Моя жизнь всегда казалась мне спокойной и даже монотонной. Впрочем, недавно у нас тут такое произошло, что о монотонности пришлось надолго забыть.
Я не первый год уже носила почту по нашему поселку. Всех знала, с некоторыми дружила, кого-то обходила стороной. Арсений Петрович, бывший плотник, статный мужчина восьмидесяти с небольшим лет, всегда встречал меня у своей калитки. Газету, которую я ему выдавала, он держал узловатыми пальцами крепко. Он был знатный мастер, многие вещи в поселке были сделаны его руками.

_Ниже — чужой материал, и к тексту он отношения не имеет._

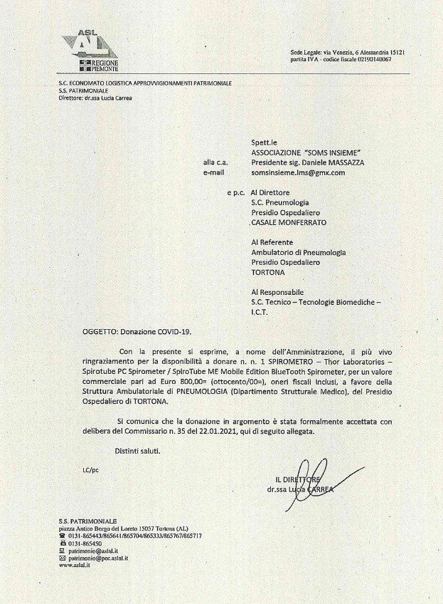 Poi, dopo un certo numero di mail e di moduli compilati per confermare che “l’ASSOCIAZIONE SOMS INSIEME, nella persona del Presidente sig. Massazza Daniele, ha comunicato la disponibilità alla donazione, a puro titolo di liberalità, di n. 1 SPIROMETRO … … da destinare alla STRUTTURA AMBULATORIALE di PNEUMOLOGIA (Dipartimento Strutturale Medico) del Presidio Ospedaliero di TORTONA ...”, agli inizi di febbraio ci è arrivata questa comunicazione.
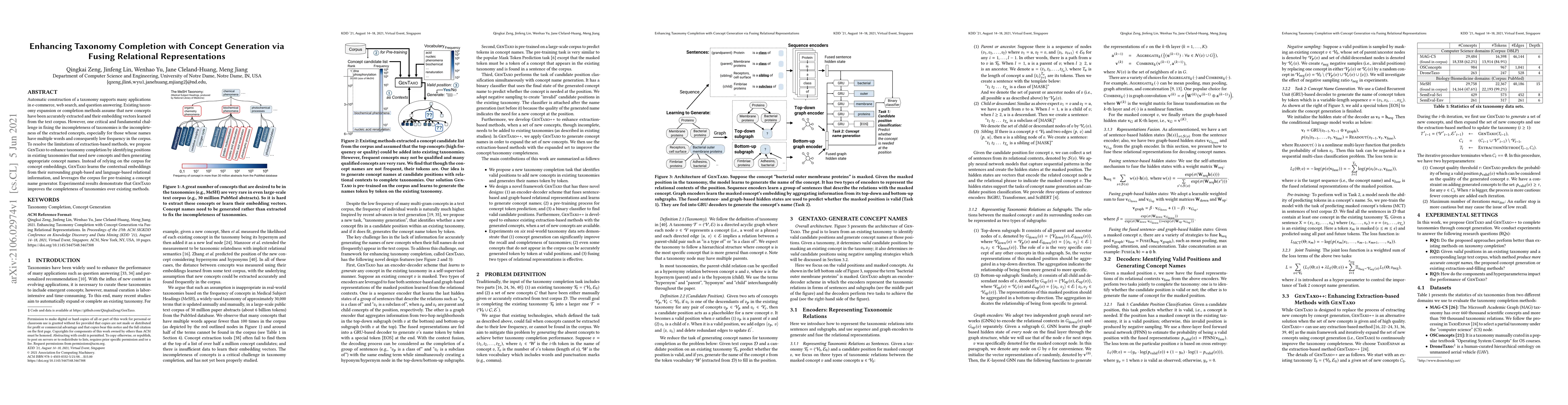 The paper proposes GenTaxo, a method to enhance taxonomy completion by generating new concepts based on relational representations rather than relying solely on low-frequency concept extraction from text corpora. GenTaxo improves taxonomy completeness by leveraging contextual embeddings from relational information and pre-training a concept name generator using a corpus.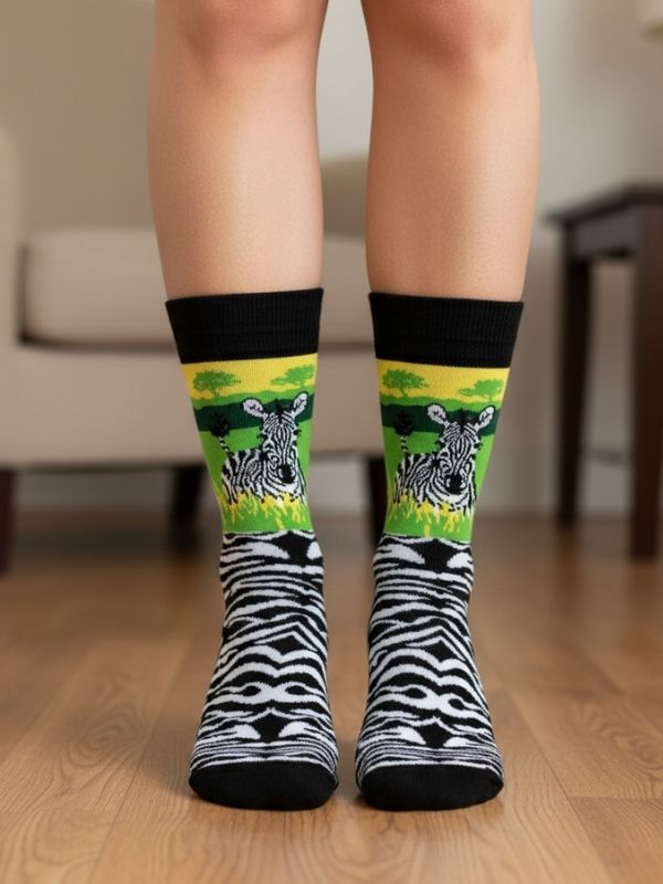 Modası asla geçmeyen ve her zaman dinamik bir duruş sergileyen zebra deseni, Savana Zebra Tasarım Soket Çorap koleksiyonuyla ayaklarınızda hayat buluyor. Savana’nın vahşi ve çarpıcı kontrastını yansıtan siyah-beyaz çizgiler, kombininize anında güçlü ve sofistike bir hava katar. Bu çorap, sadece klasik bir desenin temsilcisi değil, aynı zamanda cesur bir stil beyanıdır. Zebra desenli çorap, hayvan temalı soket veya desenli konforlu çorap arayışında olan, minimalist çizgileri ve etkileyici kontrastı seven herkesin gardırobunda mutlaka yer almalıdır.

Да что там, к нему даже из других городов заказчики приезжали…
Весна в этом году была холодной.
Шел мокрый снег, ветер бил в лицо, под ногами чавкало и хлюпало. Я подошла к дому Арсения Петровича, но на сей раз он не вышел меня встречать. Ну что ж, я оставила газету у его калитки и пошла себе дальше.
Он не вышел ко мне и на следующее утро. Я увидела, что вчерашняя газета лежала на том же месте, куда я ее положила… Я постучала и позвала хозяина, но никто не отозвался. Я пожала плечами и пошла дальше, но у поворота оглянулась и посмотрела на дом. Что-то тут было не так… Совсем не так… На следующее утро мне нужно было вручить Арсению Петровичу письмо. Я подошла к его дому и увидела, что обе газеты сиротливо лежали там же…
Почувствовав смутную тревогу, я вынула телефон и набрала свою знакомую Ларису, Арсений Петрович был ее свекром. Лариса вошла в его семью чуть больше года назад. До этого она жила где-то в городе, но вышла замуж за Филиппа и переехала к нему. Они жили неподалеку от нашего поселка.
Мне она, честно говоря, не нравилась. Глаза у нее были нехорошие, бегающие и такие колючие, что от ее взгляда мне становилось не по себе.
Всякое про нее говорили. Вроде как она медиком была по специальности. Другие уверяли, что она потомственная кто-то там, легко может человека «испортить». Я в это не верила, но Лариса мне, повторюсь, не нравилась решительно. Тем более что как только она вошла в семью Арсения Петровича, он, очень даже здоровый и крепкий человек для своего возраста, начал вдруг жаловаться на здоровье…
Лариса быстро сняла трубку и на мой вопрос сообщила, что свекор уехал к знакомому на пасеку.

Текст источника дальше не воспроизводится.